The Preps, studious boys and girls set on university, are differentiated by
sweaters knotted around their waists. The Goths affect black garb and eyeliner
in imitation of pop stars. The Drama, aspiring actors, dress for the camera.

Then there is the Trenchcoat Mafia, distinguished by trailing, black,
cowboy-style "duster" coats and swastikas scribbled on their clothes and school
folders.

Two of them, hitherto considered merely obnoxious and if anything less abrasive
than the Jocks, brought at least four guns and 30 pipe bombs unhindered to
school on Tuesday, killed 13 people, then shot themselves dead.

Next day, children in their uniforms poured in a constant stream to a roadside
grass bank on the school perimeter. Until the early evening, when the work day
was over, and the last corpse was removed, there was hardly a parent to be
counted among the thousands.

Even now, the tear-stained children were fending for themselves. While most
adults looked on and complained of inadequate supervision and lack of respect,
the students choreographed and conducted their own impromptu wake and prayers.
They handled the media with calm aplomb and patiently filled in the gaps in
adult understanding of their world and its rituals.

A cluster of Jocks recalled with tear-filled eyes how they had first thought
the disruptions came from seniors carrying out a threatened rough-house prank
code-named "Annihilation".

Few had understood when, earlier in the day of the killings, according to
eyewitnesses, a message had scrolled across school-network TV screens warning:
"Today's the day you wish you weren't here." It was written in German.

But even as the body count revealed that two of the dead were black - there
were only 16 African Americans (compared with 1,783 whites) among Columbine's
1,965 students - the youngsters discounted the media's race-hate theories.
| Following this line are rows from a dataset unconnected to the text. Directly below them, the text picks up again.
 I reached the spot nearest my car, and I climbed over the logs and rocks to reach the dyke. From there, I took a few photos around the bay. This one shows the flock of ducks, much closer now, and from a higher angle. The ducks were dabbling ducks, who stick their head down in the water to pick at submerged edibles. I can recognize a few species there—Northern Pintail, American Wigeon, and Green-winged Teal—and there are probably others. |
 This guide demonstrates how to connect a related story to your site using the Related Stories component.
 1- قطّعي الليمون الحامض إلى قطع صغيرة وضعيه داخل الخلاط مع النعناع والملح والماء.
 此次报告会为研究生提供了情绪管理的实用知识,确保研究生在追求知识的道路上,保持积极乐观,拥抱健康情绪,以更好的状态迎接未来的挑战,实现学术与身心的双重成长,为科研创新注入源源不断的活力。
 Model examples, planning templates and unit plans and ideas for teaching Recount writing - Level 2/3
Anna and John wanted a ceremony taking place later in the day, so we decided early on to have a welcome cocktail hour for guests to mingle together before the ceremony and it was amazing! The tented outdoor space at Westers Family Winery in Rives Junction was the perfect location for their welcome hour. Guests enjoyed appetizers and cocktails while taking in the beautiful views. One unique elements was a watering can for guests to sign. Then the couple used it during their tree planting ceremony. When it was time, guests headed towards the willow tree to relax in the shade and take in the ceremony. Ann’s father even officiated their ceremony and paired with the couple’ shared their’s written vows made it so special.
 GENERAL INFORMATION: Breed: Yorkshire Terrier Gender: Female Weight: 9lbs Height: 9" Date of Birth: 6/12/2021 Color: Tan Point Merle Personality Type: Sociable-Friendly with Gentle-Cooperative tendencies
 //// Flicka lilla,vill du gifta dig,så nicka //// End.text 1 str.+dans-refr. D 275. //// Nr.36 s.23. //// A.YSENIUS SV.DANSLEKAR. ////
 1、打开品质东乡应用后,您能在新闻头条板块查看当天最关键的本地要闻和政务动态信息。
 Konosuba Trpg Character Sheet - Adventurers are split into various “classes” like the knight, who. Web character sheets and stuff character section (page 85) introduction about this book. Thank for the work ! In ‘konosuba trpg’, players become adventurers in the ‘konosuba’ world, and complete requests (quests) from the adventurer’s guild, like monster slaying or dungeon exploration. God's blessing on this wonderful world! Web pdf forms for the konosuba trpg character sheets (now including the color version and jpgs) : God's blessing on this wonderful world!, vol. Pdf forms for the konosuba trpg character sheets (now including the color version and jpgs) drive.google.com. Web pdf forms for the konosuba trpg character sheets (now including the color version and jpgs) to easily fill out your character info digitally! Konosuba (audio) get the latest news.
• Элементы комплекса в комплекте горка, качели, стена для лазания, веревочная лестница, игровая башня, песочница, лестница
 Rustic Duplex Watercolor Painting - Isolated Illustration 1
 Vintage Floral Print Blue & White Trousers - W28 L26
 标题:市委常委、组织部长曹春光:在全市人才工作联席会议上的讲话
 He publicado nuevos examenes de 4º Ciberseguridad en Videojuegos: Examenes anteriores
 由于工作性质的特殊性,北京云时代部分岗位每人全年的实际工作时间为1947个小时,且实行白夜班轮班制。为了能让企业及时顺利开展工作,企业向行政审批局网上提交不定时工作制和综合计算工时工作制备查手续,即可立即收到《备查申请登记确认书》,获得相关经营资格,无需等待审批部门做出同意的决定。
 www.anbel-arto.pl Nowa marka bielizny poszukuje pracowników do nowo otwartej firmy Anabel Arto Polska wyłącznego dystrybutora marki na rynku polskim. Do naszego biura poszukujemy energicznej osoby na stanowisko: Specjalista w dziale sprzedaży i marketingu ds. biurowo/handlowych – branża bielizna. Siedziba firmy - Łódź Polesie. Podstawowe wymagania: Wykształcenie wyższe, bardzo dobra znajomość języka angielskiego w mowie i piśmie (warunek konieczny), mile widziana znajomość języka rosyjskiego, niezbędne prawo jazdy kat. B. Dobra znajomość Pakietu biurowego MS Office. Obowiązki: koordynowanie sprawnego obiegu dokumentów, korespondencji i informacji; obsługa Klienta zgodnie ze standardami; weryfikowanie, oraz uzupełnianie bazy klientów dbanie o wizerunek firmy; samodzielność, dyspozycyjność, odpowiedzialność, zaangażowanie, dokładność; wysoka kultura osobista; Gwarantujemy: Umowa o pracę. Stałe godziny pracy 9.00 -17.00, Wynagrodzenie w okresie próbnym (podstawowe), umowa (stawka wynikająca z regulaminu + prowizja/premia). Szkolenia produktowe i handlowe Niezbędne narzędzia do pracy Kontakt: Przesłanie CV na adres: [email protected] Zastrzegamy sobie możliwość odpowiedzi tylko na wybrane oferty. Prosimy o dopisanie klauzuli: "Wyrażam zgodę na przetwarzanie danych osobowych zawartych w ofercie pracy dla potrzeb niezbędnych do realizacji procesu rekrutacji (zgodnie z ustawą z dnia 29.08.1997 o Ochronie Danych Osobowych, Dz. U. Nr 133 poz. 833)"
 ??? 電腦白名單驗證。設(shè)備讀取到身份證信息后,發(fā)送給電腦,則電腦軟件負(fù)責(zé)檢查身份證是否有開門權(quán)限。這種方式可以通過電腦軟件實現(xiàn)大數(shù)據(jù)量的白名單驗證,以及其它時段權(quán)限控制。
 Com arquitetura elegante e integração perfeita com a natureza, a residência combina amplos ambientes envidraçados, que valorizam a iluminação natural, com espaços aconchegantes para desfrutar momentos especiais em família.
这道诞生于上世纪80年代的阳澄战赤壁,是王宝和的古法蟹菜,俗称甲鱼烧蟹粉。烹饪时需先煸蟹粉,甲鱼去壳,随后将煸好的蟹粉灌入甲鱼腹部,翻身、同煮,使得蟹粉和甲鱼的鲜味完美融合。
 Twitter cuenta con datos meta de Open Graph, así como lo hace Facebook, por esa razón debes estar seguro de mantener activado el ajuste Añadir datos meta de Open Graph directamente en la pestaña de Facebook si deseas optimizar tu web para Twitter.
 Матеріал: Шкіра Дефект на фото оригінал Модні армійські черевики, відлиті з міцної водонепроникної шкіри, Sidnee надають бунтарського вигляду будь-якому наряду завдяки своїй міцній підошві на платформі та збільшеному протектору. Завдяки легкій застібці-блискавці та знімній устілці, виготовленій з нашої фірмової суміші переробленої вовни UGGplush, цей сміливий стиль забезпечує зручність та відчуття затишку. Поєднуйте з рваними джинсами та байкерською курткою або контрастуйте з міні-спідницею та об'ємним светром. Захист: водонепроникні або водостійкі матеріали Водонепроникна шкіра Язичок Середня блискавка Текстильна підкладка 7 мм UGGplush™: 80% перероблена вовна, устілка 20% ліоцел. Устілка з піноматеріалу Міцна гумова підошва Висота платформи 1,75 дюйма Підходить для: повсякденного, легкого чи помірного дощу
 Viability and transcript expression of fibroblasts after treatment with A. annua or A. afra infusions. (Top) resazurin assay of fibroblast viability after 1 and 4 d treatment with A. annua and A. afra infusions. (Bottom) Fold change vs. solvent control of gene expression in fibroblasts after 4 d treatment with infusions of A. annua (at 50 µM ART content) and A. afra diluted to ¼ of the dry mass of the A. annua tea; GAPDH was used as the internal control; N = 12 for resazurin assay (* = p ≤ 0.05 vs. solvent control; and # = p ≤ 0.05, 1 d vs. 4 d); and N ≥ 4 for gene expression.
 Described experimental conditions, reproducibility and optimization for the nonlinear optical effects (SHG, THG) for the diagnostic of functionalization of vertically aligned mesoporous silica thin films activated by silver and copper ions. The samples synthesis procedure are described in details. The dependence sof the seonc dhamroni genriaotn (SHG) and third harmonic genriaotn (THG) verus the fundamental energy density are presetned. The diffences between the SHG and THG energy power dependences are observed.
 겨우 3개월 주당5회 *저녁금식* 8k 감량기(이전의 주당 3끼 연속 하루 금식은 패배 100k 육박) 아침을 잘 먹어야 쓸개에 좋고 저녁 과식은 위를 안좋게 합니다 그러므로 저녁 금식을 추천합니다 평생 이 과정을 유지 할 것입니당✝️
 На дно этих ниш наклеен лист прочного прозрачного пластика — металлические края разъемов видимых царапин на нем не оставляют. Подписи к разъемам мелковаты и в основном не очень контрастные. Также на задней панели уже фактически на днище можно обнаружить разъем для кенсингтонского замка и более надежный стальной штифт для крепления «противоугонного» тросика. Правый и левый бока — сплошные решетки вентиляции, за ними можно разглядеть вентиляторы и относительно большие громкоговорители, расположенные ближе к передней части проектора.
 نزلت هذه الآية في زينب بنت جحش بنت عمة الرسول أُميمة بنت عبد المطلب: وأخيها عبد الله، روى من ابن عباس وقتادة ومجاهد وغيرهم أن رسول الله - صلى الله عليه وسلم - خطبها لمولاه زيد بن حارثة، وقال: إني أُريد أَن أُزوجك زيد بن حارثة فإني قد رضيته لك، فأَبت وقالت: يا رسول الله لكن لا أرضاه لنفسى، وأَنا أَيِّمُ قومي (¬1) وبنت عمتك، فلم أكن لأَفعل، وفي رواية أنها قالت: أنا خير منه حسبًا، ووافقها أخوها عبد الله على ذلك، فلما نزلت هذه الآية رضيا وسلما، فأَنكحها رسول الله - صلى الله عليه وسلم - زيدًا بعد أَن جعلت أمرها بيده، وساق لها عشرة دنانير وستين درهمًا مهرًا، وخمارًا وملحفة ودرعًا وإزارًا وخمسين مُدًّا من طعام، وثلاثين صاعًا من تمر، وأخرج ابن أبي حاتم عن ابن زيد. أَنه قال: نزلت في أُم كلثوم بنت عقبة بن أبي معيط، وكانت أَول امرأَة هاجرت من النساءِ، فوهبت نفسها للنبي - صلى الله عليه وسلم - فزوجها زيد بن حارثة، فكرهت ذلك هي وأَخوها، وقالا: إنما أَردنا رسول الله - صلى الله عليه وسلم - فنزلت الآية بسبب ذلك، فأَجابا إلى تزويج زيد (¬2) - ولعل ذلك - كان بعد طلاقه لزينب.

Blacks, whites and Latinos alike paid little heed to the Trenchcoats' reputed
fascination with "the holocaust, Hitler and a lot of German history". By their
reckoning, "they didn't like anybody", and picked fights to draw attention to
themselves because they were so few.

A band of a dozen or less, they were, by common consent, the smallest and
least-regarded of the tribes which comprise Columbine's microcosm of fractured,
self-conscious US society. Adults at the scene, police included, had not heard
of the group until the day of the killings.

Like many of Columbine's children, they were left to their own devices, which
produced murderous consequences and another deadly warning for the US school
system.

Fashion and factionalism - freedoms clearly treasured at Columbine - played a
part, as was tacitly acknowledged yesterday when local school authorities
banned the wearing of the stigmatised trenchcoats.

By omission, the ruling approved the rest: the heavy chains some wear at their
waist, and the swaggering manners of the Jocks. They, after all, are seen by
many parents and teachers as the archetypal clean-cut all-American boys.

Who cares that they wear their hats in class, and freely admit to harassing and
bullying anyone they deem inferior?

Will their freedoms come under scrutiny when the time comes to rewrite the
rules of conduct? Without doubt, many privileges will be lost when, as now
seems inevitable, the menacing paraphernalia of inner-city school life comes to
this green and pleasant suburb, a 20-minute drive from central Denver.

On the surface, Littleton still represents the clean and orderly ideal of the
New West, where people come to start over. There are vast green fields where
patches of buckled asphalt serve as yards in city schools. There are no metal
detectors at the entrances to its campuses. There are no wire mesh fences
locking children in and keeping predators out. The walls are not plastered with
city-style posters warning against carrying guns or knives.

Columbine's only defences against itself and outsiders are one fatherly deputy
and a handful of security guards.

But all that is about to change. When the metal detectors are installed,
Littleton and towns like it will be one step further from the New West paradigm
and one step closer to the US norm, which demands ironwork and muscle to police
rather than protect its unfathomable young.